History

United Kingdom
- Name: HMS Rye
- Builder: Ailsa Shipbuilding Co. Ltd., Troon, Scotland
- Laid down: 27 November 1939
- Launched: 19 August 1940
- Commissioned: 20 November 1941
- Fate: Sold on 24 August 1948; Scrapped at Purfleet in September 1948.;
- Badge: On a Field per Pale Red and Blue, a demi-lion passant, Gold langued and armed Blue conjoined to the hulk of a ship White.

General characteristics
- Class & type: Bangor-class minesweeper
- Displacement: 656 long tons (667 t) standard; 820 long tons (833 t) full;
- Length: 174 ft (53 m) o/a
- Beam: 28 ft 6 in (8.69 m)
- Draught: 10 ft 3 in (3.12 m)
- Installed power: 2,000 ihp (1,500 kW); 2 × Admiralty 3-drum boilers;
- Propulsion: 2 shafts; 2 steam turbines;
- Speed: 16 knots (30 km/h; 18 mph)
- Range: 2,800 nmi (5,200 km; 3,200 mi) at 10 knots (19 km/h; 12 mph)
- Complement: 60
- Armament: 1 × single 12-pounder 3-inch (76 mm) anti-aircraft gun; 1 × single QF 2-pounder (4 cm) AA gun;

= HMS Rye (J76) =

Minesweeper of the Royal Navy

HMS Rye (J76) was a built for the Royal Navy during the Second World War.

==Design and description==
The Bangor class was designed as a small minesweeper that could be easily built in large numbers by civilian shipyards; as steam turbines were difficult to manufacture, the ships were designed to accept a wide variety of engines. Rye displaced 656 LT at standard load and 820 LT at deep load. The ship had an overall length of 174 ft, a beam of 28 ft 6 in and a draught of 10 ft 3 in. The ship's complement consisted of 60 officers and ratings.

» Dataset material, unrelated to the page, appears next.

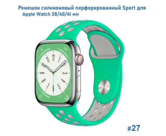 Ремешок силиконовый перфорированный Great Case Sport NK для Apple Watch 38/40/41 мм, 225мм, на кнопке, зеленый+серый (27)
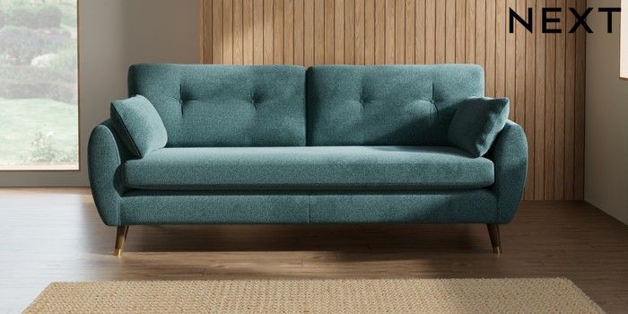 7.3.1 Buy Wilson Buttoned Back 3 Seater Sofa Chunky Chenille Mid Teal Green Low Retro Tapered Metal Cap - Mid from the Seasons online shop Click here to use our website with more accessibility support, for example screen readers

She was powered by two Parsons geared steam turbines, each driving one shaft, using steam provided by two Admiralty three-drum boilers. The engines produced a total of 2000 shp and gave a maximum speed of 16 kn. Rye carried a maximum of 160 LT of fuel oil that gave her a range of 2800 nmi at 10 kn.

The turbine-powered Bangors were armed with a 12-pounder 3 in anti-aircraft gun and a single QF 2-pounder (4 cm) AA gun. In some ships the 2-pounder was replaced a single or twin 20 mm Oerlikon AA gun, while most ships were fitted with four additional single Oerlikon mounts over the course of the war. For escort work, her minesweeping gear could be exchanged for around 40 depth charges.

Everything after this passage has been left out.